Total population | |
---|---|
(2–2,5 million) | |
Regions with significant populations | |
South Africa | 1,600,000 |
Zambia | 40,000 |
Kenya | 32,000 |
Zimbabwe | 30,000 |
Languages | |
First language South African English · English Second or third language Afrikaans · Bantu languages · European languages |
|
Religion | |
Anglicanism · Protestantism · Roman Catholicism · Judaism | |
Related ethnic groups | |
British · English · Scottish · Irish · Coloureds · Afrikaners |
The British diaspora in Africa is a population group broadly defined as English-speaking white Africans of mainly (but not only) British descent who live in or come from Sub-Saharan Africa. The majority live in South Africa and other Southern African countries including Zimbabwe, Namibia, Botswana, Zambia, Lesotho and Swaziland. There are also sizable numbers in Kenya, Nigeria and Ghana. Their first language is usually English, South African English in the case of South Africans. Although the majority of white Africans who speak English as a first language are of British and Irish ancestry, their numbers also include people of Portuguese, Italian, German, Jewish, Dutch and French Huguenot ancestry among others.

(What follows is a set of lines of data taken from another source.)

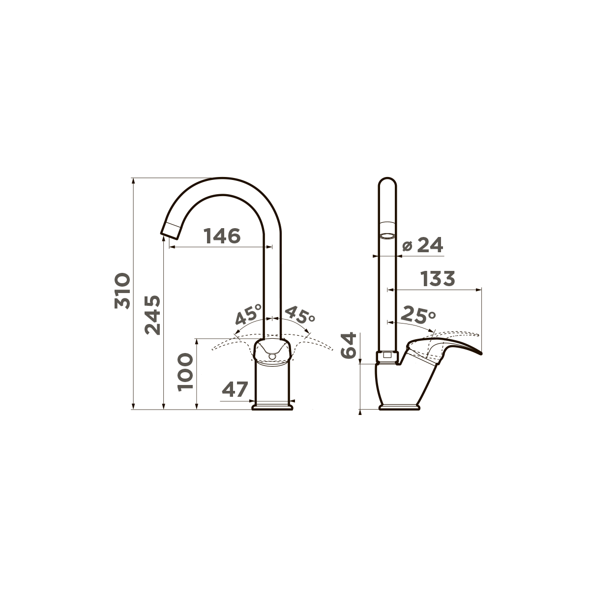 - Смеситель выполнен в современном стиле и снабжен высоким поворотным изливом;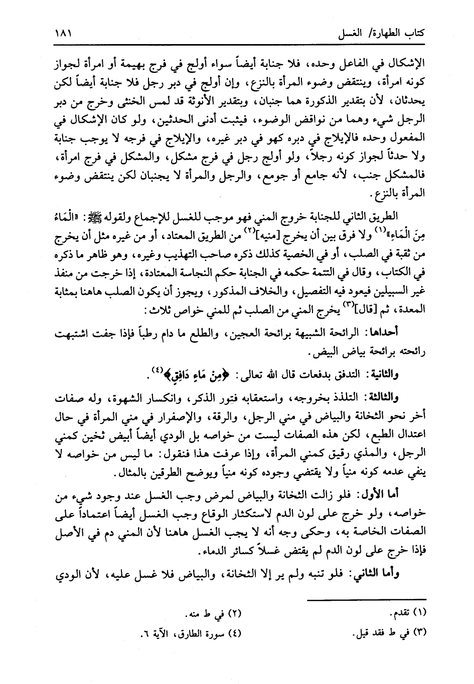 والثالثة: التلذذ بخروجه، واستعقابه فتور الذكر، وانكسار الشهوة، وله صفات أخر نحو الثخانة والبياض في مني الرجل، والرقة، والاصفرار في مني المرأة في حال اعتدال الطبع، لكن هذه الصفات ليست من خواصه بل الودي أيضاً أبيض ثخين كمني الرجل، والمذي رقيق كمني المرأة، لماذا عرفت هذا فنقول: ما ليس من خواصه لا ينفي عدمه كونه منياً ولا يقتضي وجوده كونه منياً ويوضح الطرقين بالمثال.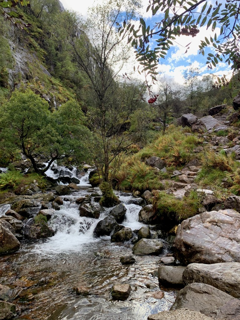 The route back down is through the lost valley, where the MacDonalds used to hide cattle they had rustled from nearby clans! The route down into the lost valley was down a steep and badly eroded scree chute, which was an interesting ride. The walk down from the lost valley back to the start point is through a beautiful gorge full of little waterfalls and clear rushing water.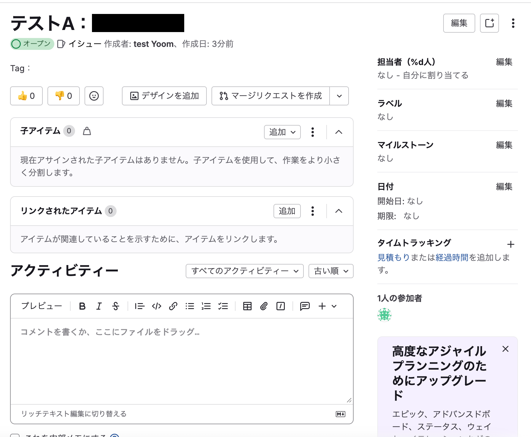 新規のイシューが作成されています。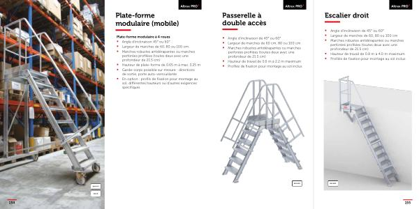 • Marches robustes antidérapantes ou marches perforées profilées ( toutes deux avec une profondeur de 21.5 cm )

Although there were earlier British settlements along the West African coast to facilitate the British Atlantic slave trade, British settlement in Africa only began in earnest at the end of the eighteenth century, at the Cape of Good Hope. British settlement in the Cape gained momentum following the second British occupation of the Dutch Cape Colony in 1806, and the subsequent encouragement of British settlers in Albany ("Settler Country") in order to consolidate the British Cape Colony's eastern frontier during the Cape Frontier Wars against the Xhosa.Natal in southeastern Africa was proclaimed a British colony in 1843. Following the defeat of the Boers in the Second Boer War in 1902, Britain annexed the Boer Republics of the Transvaal Republic and the Orange Free State.